In Fugitive Days (Beacon Press, 2001; revised edition 2009), Bill Ayers is more ambivalent. While denouncing the intolerance and machismo of the Weathermen, he regrets that he did not do more to end the immoral Vietnam War. Seeking to recreate the mood of the times, Ayers describes the increasing frustration with the Vietnam War which drove antiwar activists to more extreme positions. He also accounts for the naiveté with which many associate the Weather Underground by evoking the milieu of the late 1960s. With a growing protest movement in the United States and the global struggle in which anti-imperialist forces were on the march in Vietnam, Algeria, and Angola, the Weathermen believed they were on the winning side of history—creating new communities free from capitalist exploitation and embracing the Che Guevara prediction that numerous Vietnam-type conflicts would topple the American regime. This impression of a brave new world was also fueled by the Prague Spring in Czechoslovakia and the revolt of students and workers on the streets of Paris. Revolution in America and the world seemed inevitable. Or at least so thought the radicals as well as Richard Nixon and J. Edgar Hoover. Indeed, what is even more surprising in retrospect than the illusions of the Weathermen regarding a working-class revolution in the United States is the assumption of the Nixon administration that the radicals were capable of bringing down the government. The fears of the Nixon administration fueled the repression of the antiwar movement and dissenters such as the Black Panther Party, culminating in the record of criminal misconduct revealed in the Watergate scandals. The illusions of both leftist radicals and the reactionary political right reveal much about the passions and insecurities unleashed during the tumultuous 1960s.

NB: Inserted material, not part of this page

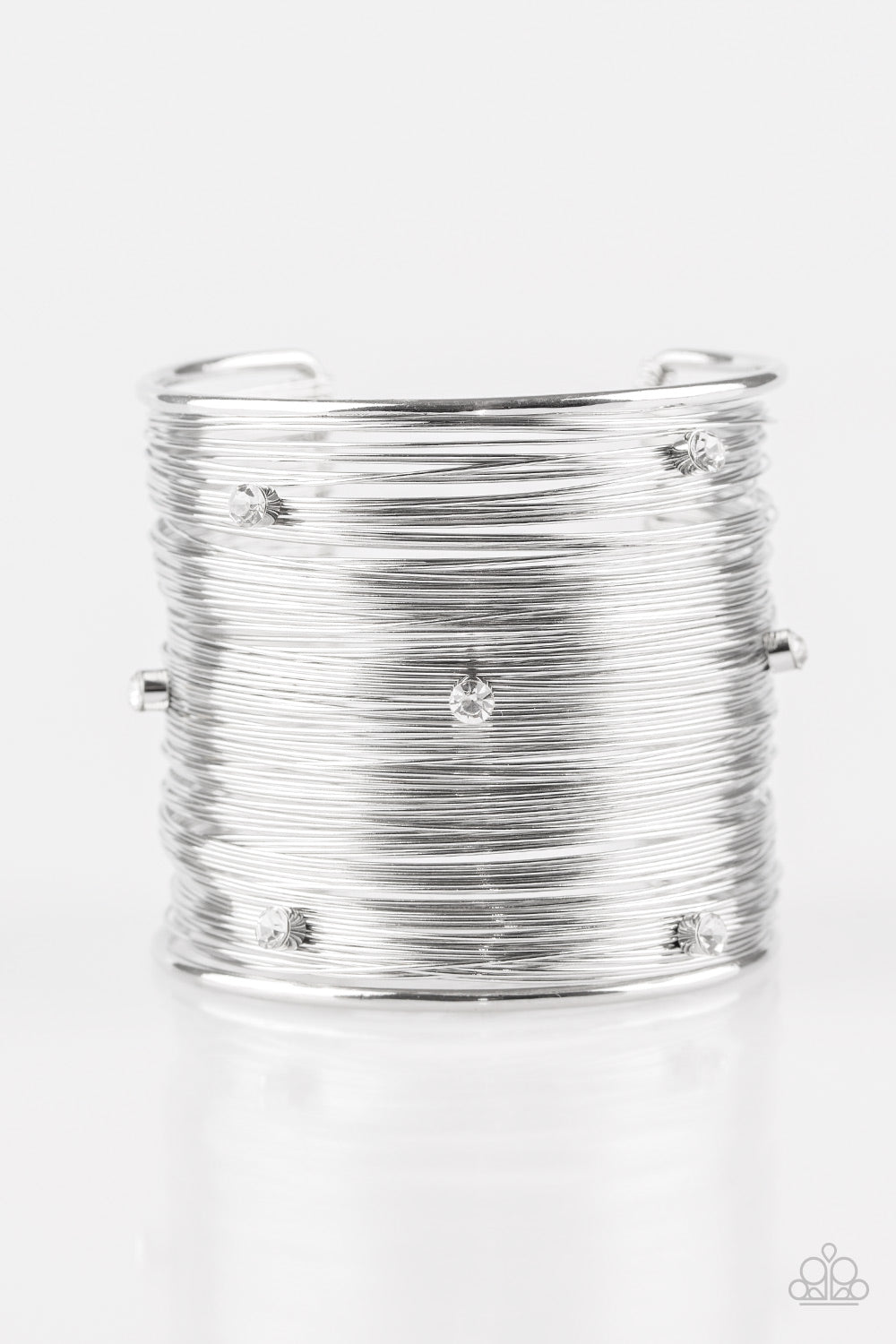 Shimmery silver wires wrap back and forth along a silver frame, creating a bold cuff. Glassy white rhinestones are sprinkled across the dramatic cuff for a glamorous finish.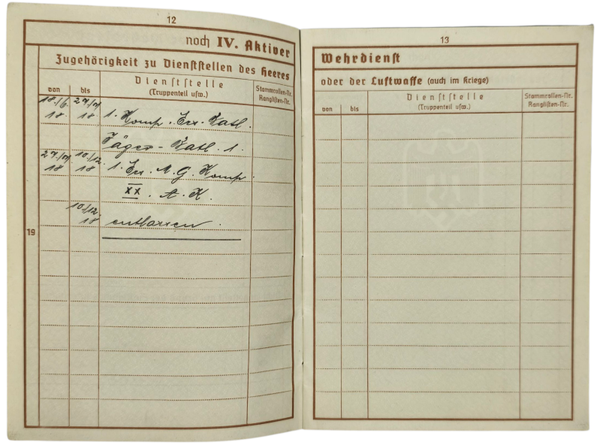Original WW2 German Document - Wehrpass Herne (1937)

The Weather Manifesto was a product of the times and reflective of an increasing radicalization of the antiwar and civil rights movements induced by government suppression and the frustrations of addressing de facto segregation, economic inequality, and the intransigence of a government intent upon pursing a war of aggression in Vietnam. The tragedy for many was the abandonment by the Weathermen of the principles established in the 1962 founding document of SDS, The Port Huron Statement. Addressing issues of imperialism, racism, economic inequality, the military-industrial complex, and the sense of alienation experienced by many individuals seemingly overwhelmed by the powers of impersonal institutions such as the university, The Port Huron Statement advocated greater democracy rather than armed revolution. These sentiments would seem to resonate well with the young people of today who have re-established SDS. While the Iraq War has failed for a number of reasons, including the absence of a military draft and sustained media coverage, to provoke Vietnam era-style protests, the youth of the twenty-first century are technologically savvy and intent upon creating a world community to formulate solutions for environmental concerns of which the protesters of the 1960s were only dimly aware. Perhaps social networking will provide the organizational impetus, advocated by Rudd, to implement the democratic vision of The Port Huron Statement rather than the days of rage envisioned by the Weather Manifesto.